Basic RNN

Introduction

In this blog, I’ll walk you through building the basics blocks of a Recurrent Neural Network.
 

Importing Packages

import numpy as np

Basic Functions

def softmax(x):
  e_x = np.exp(x - np.max(x))
  return e_x / e_x.sum(axis=0)

def sigmoid(x):
  return 1 / (1+np.exp(-x))

Basic RNN Cells

def forward_rnn_cell(x_t, a_prev, parameters):
  Wax = parameters["Wax"]
  Waa = parameters["Waa"]
  Wya = parameters["Wya"]
  ba = parameters["ba"]
  by = parameters["by"]

  a_next = np.tanh(np.dot(Wax, x_t) + np.dot(Waa, a_prev) + ba)
  yt_pred = softmax(np.dot(Wya, a_next) + by)

  # needed for back propagation
  cache = (a_next, a_prev, x_t, parameters)
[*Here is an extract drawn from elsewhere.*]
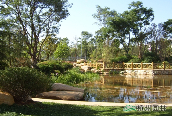 該工程地處昆明市呈貢縣吳家營鄉(xiāng)小尖山西北附近,為大型綜合性園林景觀工程,內(nèi)容包括硬質(zhì)景觀、綠化種植和水電工程等。工程遵循“顯山露水、山水圍建筑”的設(shè)計原則,通過空間體系的構(gòu)筑,將現(xiàn)代中式建筑風(fēng)格與昆明歷史文化相融合,借助多種造景手法,營造出中國古典園林與云南地方風(fēng)貌相結(jié)合的山水園林景觀。

  return a_next, yt_pred, cache

def rnn_forward(x, a0, parameters):

  caches = []
  n_x, m, T_x = x.shape
  n_y, n_a = parameters["Wya"].shape

  a = np.zeros((n_a, m, T_x))
  y_pred = np.zeros((n_y, m, T_x))

  a_next = a0

  for t in range(T_x):
    a_next, yt_pred, cache = forward_rnn_cell(x[:,:,t], a_next, parameters)
    a[:,:,t] = a_next
    y_pred[:,:,t] = yt_pred
    caches.append(cache)

  caches = (cache,x)

  return a, y_pred, caches

Basic LSTM Cells

def forward_lstm_cell(x_t, a_prev, c_prev, parameters):
  Wf = parameters["Wf"]
  bf = parameters["bf"]
  Wi = parameters["Wi"]
  bi = parameters["bi"]
  Wc = parameters["Wc"]
  bc = parameters["bc"]
  Wo = parameters["Wo"]
  bo = parameters["bo"]
  Wy = parameters["Wy"]
  by = parameters["by"]

  n_x, m = x_t.shape
  n_y, n_a = Wy.shape

  concat = np.zeros((n_a + n_x, m))
  concat[: n_a, :] = a_prev
  concat[n_a :, :] = x_t

  ft = sigmoid(np.dot(Wf, concat) + bf)
  it = sigmoid(np.dot(Wi, concat) + bi)
  cct = np.tanh(np.dot(Wc, concat) + bc)
  c_next = ft * c_prev + it * cct
  ot = sigmoid(np.dot(Wo, concat) + bo)
  a_next = ot * np.tanh(c_next)

  yt_pred = softmax(np.dot(Wy, a_next) + by)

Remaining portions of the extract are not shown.